## Problem requirements
Print each record exactly as it appears, but drop the images.

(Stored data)
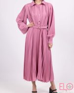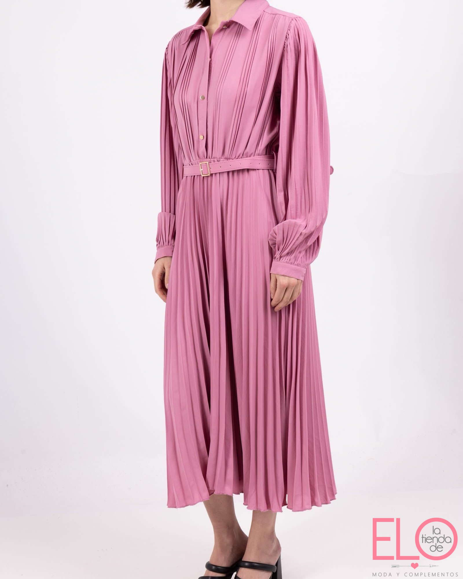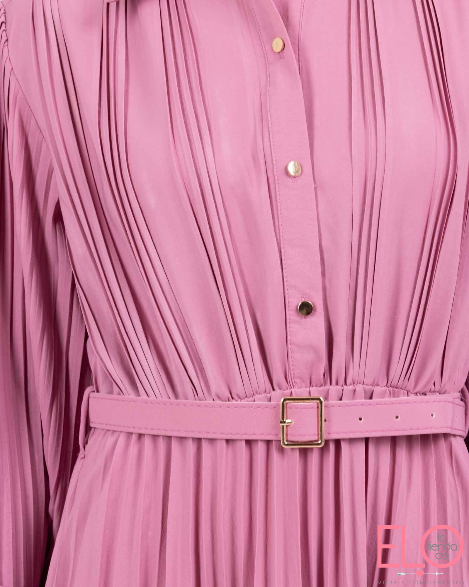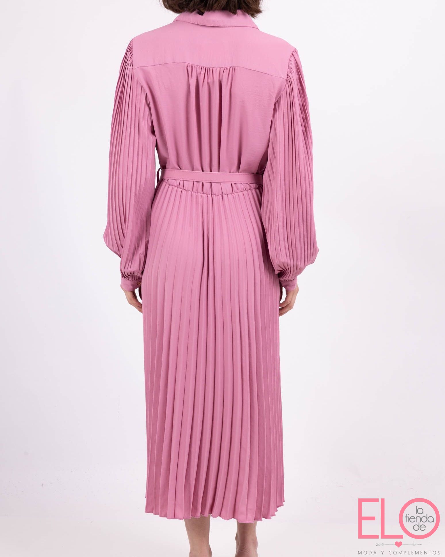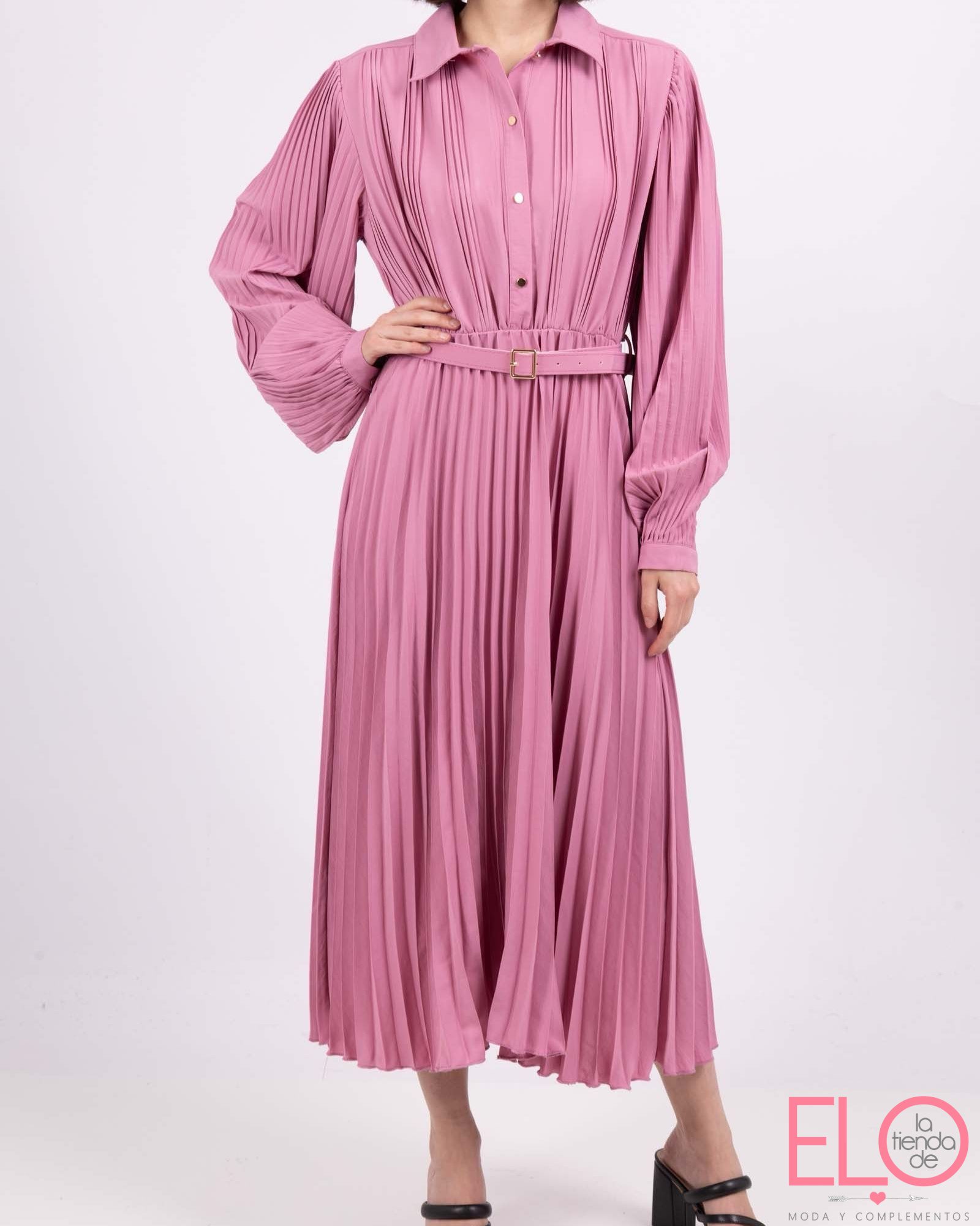 Vestido de tejido agradable tipo blusa, de manga larga pero perfecto para primavera, el tejido es plisado y el corte estilo camisero.
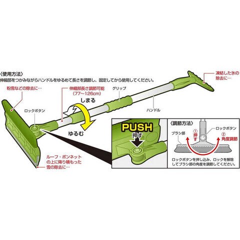 キャプテンスタッグ アルミ折畳み式スノーブラシ グリーン
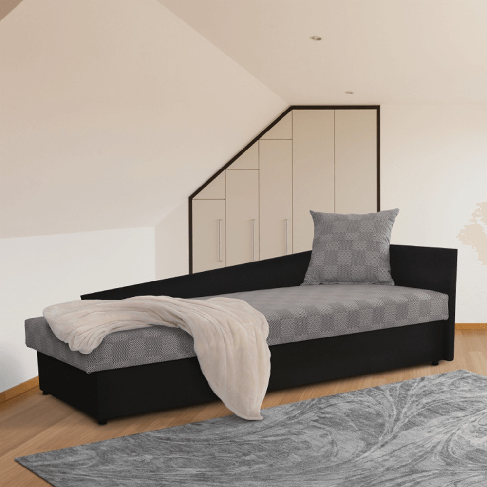 A JUDIT dívány tökéletes választás azoknak, akik stílusos és praktikus megoldást keresnek. Szövetének kopásállósága hosszú élettartamot biztosít, míg a beépített rakodótér további tárolási lehetőségeket kínál. Az elegáns fekete/szürke mintás dizájn minden modern hálószobába illik, miközben a jobbos kivitel maximális kényelmet nyújt.
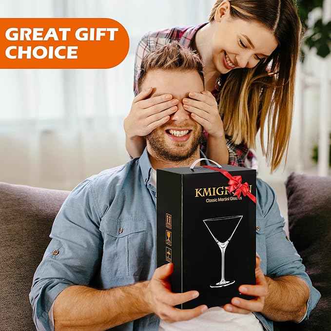 - Luxurious Gift Packing:KMIGRUAN cocktail glasses set comes with a premium gift box which is a perfect gift for any occasions such as Birthday,Father's Day,anniversaries,holidays or Christmas.questions? We're always ready to help
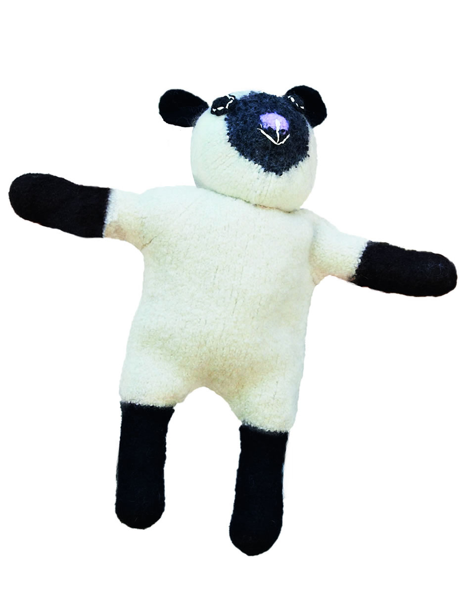 Grossa Qualität „Feltro“ (100 % Schurwolle, LL = 50 m/50 g), 600 g Rohweiß (Fb. 1), 150 g Schwarz (Fb. 6), 50 g Anthrazit (Fb. 25); 50 g Rosa (Fb. 17); Rest weißes Baumwollgarn; spitze Stopfnadel; Nadelspiel und Rundstricknadeln Nr. 8, 40 cm lang; Häkelnadel Nr. 8; ca. 500 g Füllwatte.
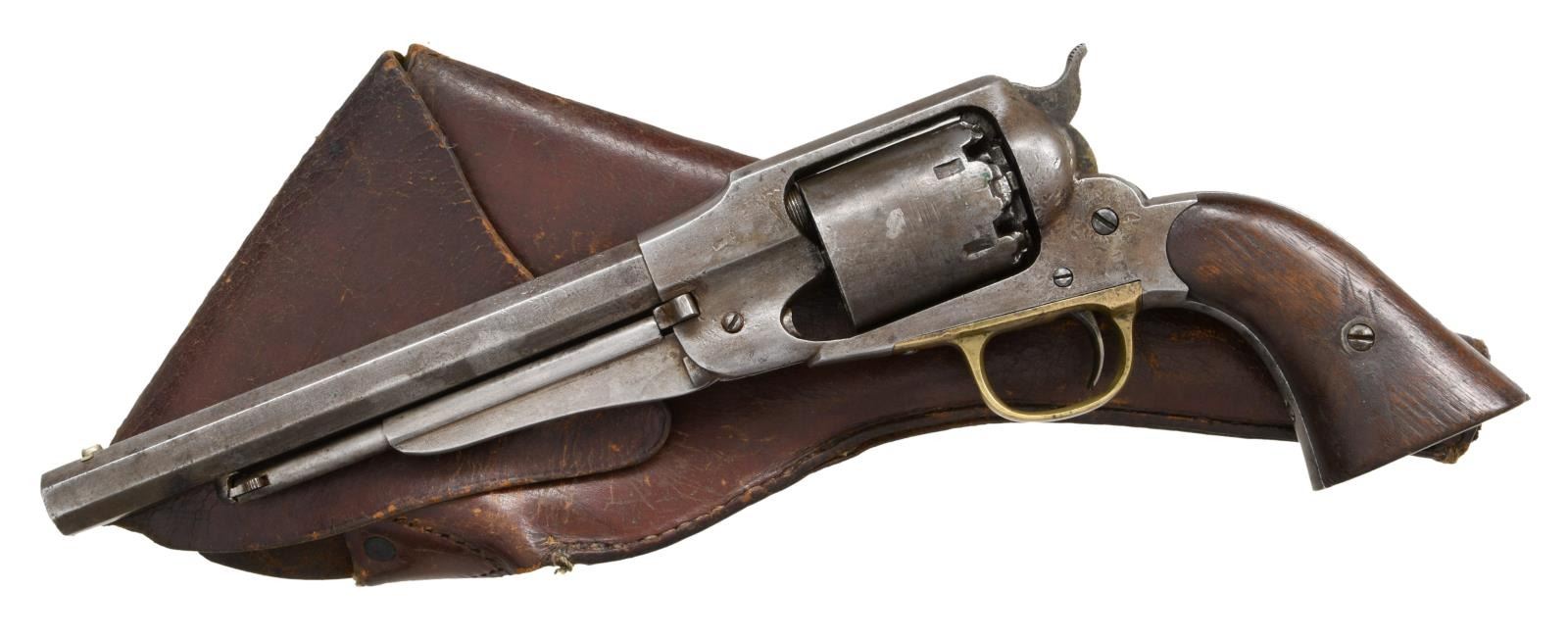 Cal. 44. S# 28977. Bbl. 8". Replacement fixed front & simple notch in frame rear sights. Matching S# on bottom Bbl. flat & left side frame under grips. Unfluted 6 shot cylinder w/ stops & "W" proof. Brass trigger guard w/ "W" proof & balance gunmetal gray steel. Unmarked smooth walnut grips. UNATTACHED ACCESSORIES: unmarked period brown leather hip flap holster crackled & crazed w/ repaired stitching. CONDITION: metal shows numerous dings, dents & impact marks. Grips are dented, scratched & slightly undersized. Bore is poor, w/ heavily worn rifling & pitting. (01-23598/CW). ANTIQUE. $700-900.
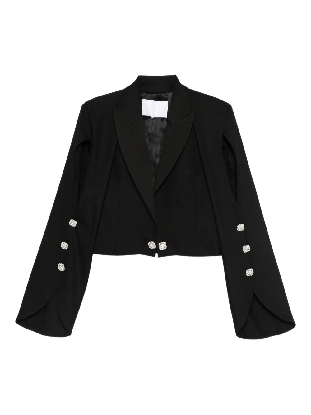 peak-lapel cropped blazer Highlights - Black - Wool - Embellished buttons - Peak lapels - Cropped style Imported Composition Wool 100% SIZE & FIT Model measurements Height 5 ft 8 in(1.73 m) Bust/Chest 29.92 in(76 cm) Hips 33.07 in(84 cm) Waist 23.22 in(59 cm) Washing instructions Read Manufacturer Guidelines
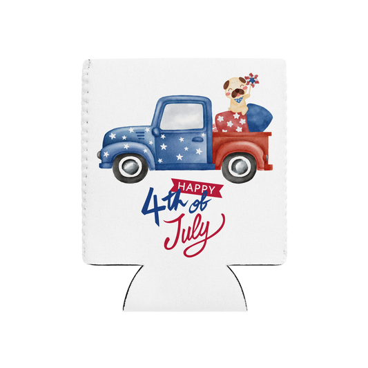 Fourth of July can cooler, Patriotic can cooler, gift for him, birthday gift, Independence Day, fireworks, patriotic red truck, USA, America
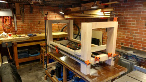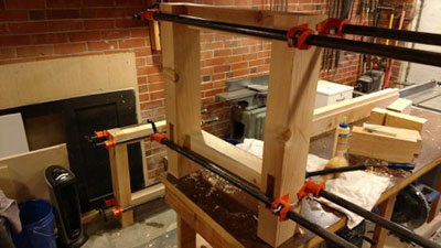 This was a little tricky for me as I was flying solo in the shop. If you have someone to lend a hand with this particular type of glue-up, that is highly recommended, as is going through a dry run of the glue-up beforehand to ensure that all joints fit well and that you are confident in the clamping placement.
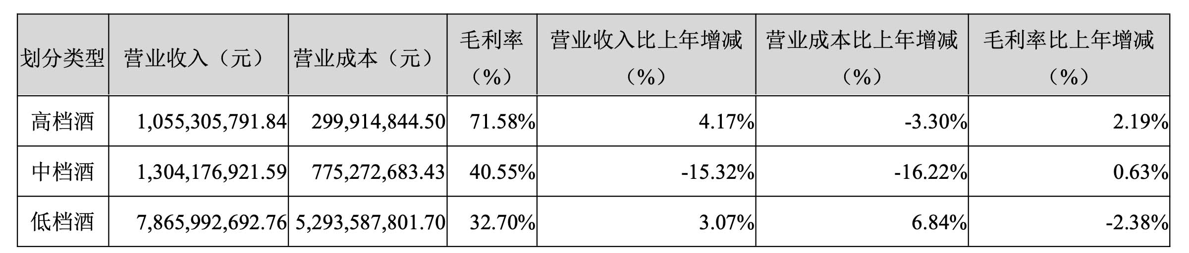 不仅仅是泸州老窖,作为依靠低端产品冲入百亿阵营的牛栏山,也不能逃过低毛利率的“梦魇”。根据牛栏山母公司顺鑫农业2021年财报显示,低档酒(低于10元/500ml)以及中档酒(10元-50元/500ml)营收均远远高于高档酒(高于50元/500ml),但对比毛利率而言,高档酒近72%的毛利率是中档酒的1.77倍,更是远超低档酒毛利率2.19倍。
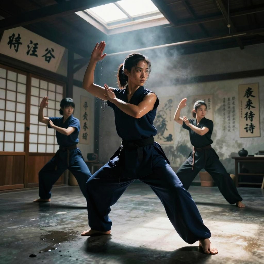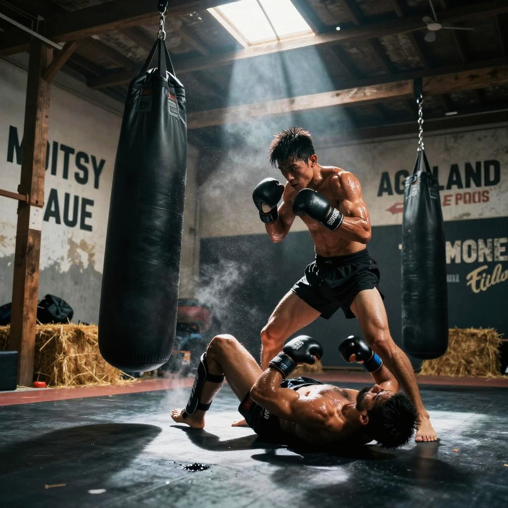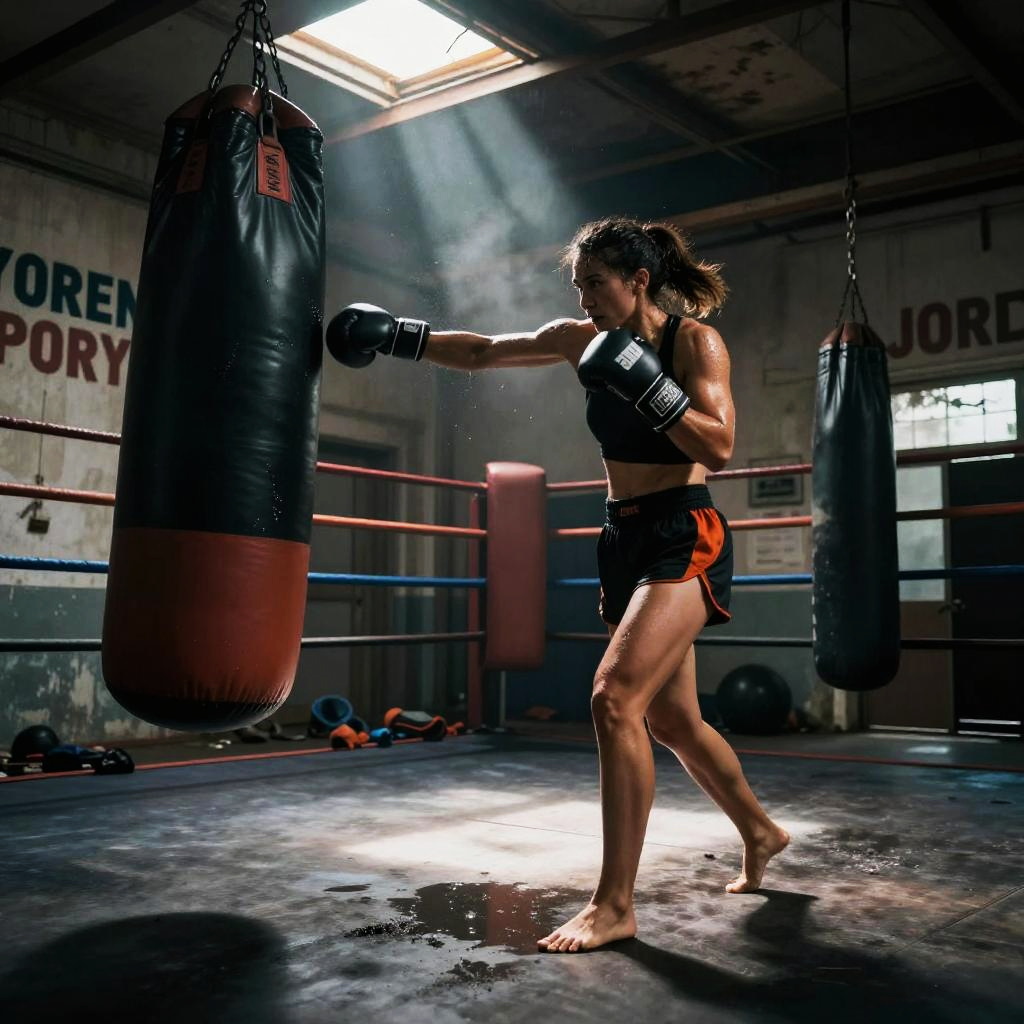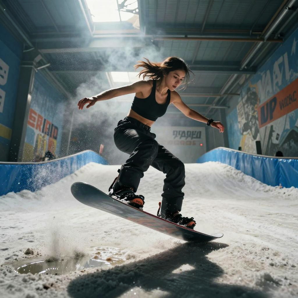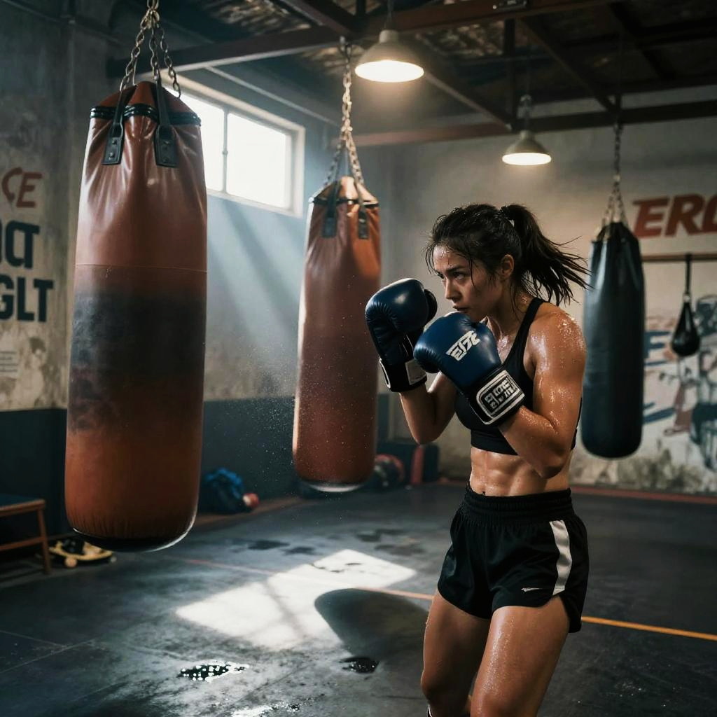 Carlos, a track sprinter training in underground sports tunnel with reflective wet floors, focused on starting block sprints, resistance band runs, sweat dripping, gritty atmosphere, motivational slogans on battered walls, chalk dust hanging in the air, puddles on concrete, shafts of light through a leaky roof, soft haze and dynamic motion blur, high contrast and deep shadows, hyper-detailed musculature, determined stare, cinematic lighting, bold composition, low-angle hero shot, echoing clanks, relentless energy, subtle film grain, moody blue-orange color grade, epic athletic intensity
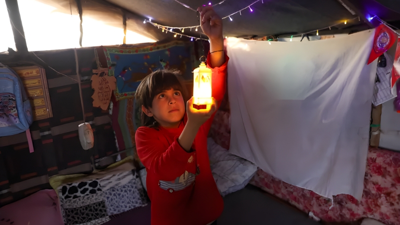 মধ্য গাজার বুরেজ শরণার্থী শিবিরে একটি তাঁবুতে বসে পবিত্র রমজান মাসকে স্বাগত জানান মাইসুন আল-বারবারাউই। পবিত্র এই মাসের আগমন উপলক্ষে শরণার্থী শিবিরের বাসিন্দারা তাদের জীর্ণ তাঁবু সাজিয়েছেন। কাপড়ের দেয়ালে এঁকেছেন রঙ-বেরঙের ছবি।

## Completed exercise
 Vestido de tejido agradable tipo blusa, de manga larga pero perfecto para primavera, el tejido es plisado y el corte estilo camisero.
 キャプテンスタッグ アルミ折畳み式スノーブラシ グリーン
 A JUDIT dívány tökéletes választás azoknak, akik stílusos és praktikus megoldást keresnek. Szövetének kopásállósága hosszú élettartamot biztosít, míg a beépített rakodótér további tárolási lehetőségeket kínál. Az elegáns fekete/szürke mintás dizájn minden modern hálószobába illik, miközben a jobbos kivitel maximális kényelmet nyújt.
 - Luxurious Gift Packing:KMIGRUAN cocktail glasses set comes with a premium gift box which is a perfect gift for any occasions such as Birthday,Father's Day,anniversaries,holidays or Christmas.questions? We're always ready to help
 Grossa Qualität „Feltro“ (100 % Schurwolle, LL = 50 m/50 g), 600 g Rohweiß (Fb. 1), 150 g Schwarz (Fb. 6), 50 g Anthrazit (Fb. 25); 50 g Rosa (Fb. 17); Rest weißes Baumwollgarn; spitze Stopfnadel; Nadelspiel und Rundstricknadeln Nr. 8, 40 cm lang; Häkelnadel Nr. 8; ca. 500 g Füllwatte.
 Cal. 44. S# 28977. Bbl. 8". Replacement fixed front & simple notch in frame rear sights. Matching S# on bottom Bbl. flat & left side frame under grips. Unfluted 6 shot cylinder w/ stops & "W" proof. Brass trigger guard w/ "W" proof & balance gunmetal gray steel. Unmarked smooth walnut grips. UNATTACHED ACCESSORIES: unmarked period brown leather hip flap holster crackled & crazed w/ repaired stitching. CONDITION: metal shows numerous dings, dents & impact marks. Grips are dented, scratched & slightly undersized. Bore is poor, w/ heavily worn rifling & pitting. (01-23598/CW). ANTIQUE. $700-900.
 peak-lapel cropped blazer Highlights - Black - Wool - Embellished buttons - Peak lapels - Cropped style Imported Composition Wool 100% SIZE & FIT Model measurements Height 5 ft 8 in(1.73 m) Bust/Chest 29.92 in(76 cm) Hips 33.07 in(84 cm) Waist 23.22 in(59 cm) Washing instructions Read Manufacturer Guidelines
 Fourth of July can cooler, Patriotic can cooler, gift for him, birthday gift, Independence Day, fireworks, patriotic red truck, USA, America
 This was a little tricky for me as I was flying solo in the shop. If you have someone to lend a hand with this particular type of glue-up, that is highly recommended, as is going through a dry run of the glue-up beforehand to ensure that all joints fit well and that you are confident in the clamping placement.
 不仅仅是泸州老窖,作为依靠低端产品冲入百亿阵营的牛栏山,也不能逃过低毛利率的“梦魇”。根据牛栏山母公司顺鑫农业2021年财报显示,低档酒(低于10元/500ml)以及中档酒(10元-50元/500ml)营收均远远高于高档酒(高于50元/500ml),但对比毛利率而言,高档酒近72%的毛利率是中档酒的1.77倍,更是远超低档酒毛利率2.19倍。
 Carlos, a track sprinter training in underground sports tunnel with reflective wet floors, focused on starting block sprints, resistance band runs, sweat dripping, gritty atmosphere, motivational slogans on battered walls, chalk dust hanging in the air, puddles on concrete, shafts of light through a leaky roof, soft haze and dynamic motion blur, high contrast and deep shadows, hyper-detailed musculature, determined stare, cinematic lighting, bold composition, low-angle hero shot, echoing clanks, relentless energy, subtle film grain, moody blue-orange color grade, epic athletic intensity
 মধ্য গাজার বুরেজ শরণার্থী শিবিরে একটি তাঁবুতে বসে পবিত্র রমজান মাসকে স্বাগত জানান মাইসুন আল-বারবারাউই। পবিত্র এই মাসের আগমন উপলক্ষে শরণার্থী শিবিরের বাসিন্দারা তাদের জীর্ণ তাঁবু সাজিয়েছেন। কাপড়ের দেয়ালে এঁকেছেন রঙ-বেরঙের ছবি।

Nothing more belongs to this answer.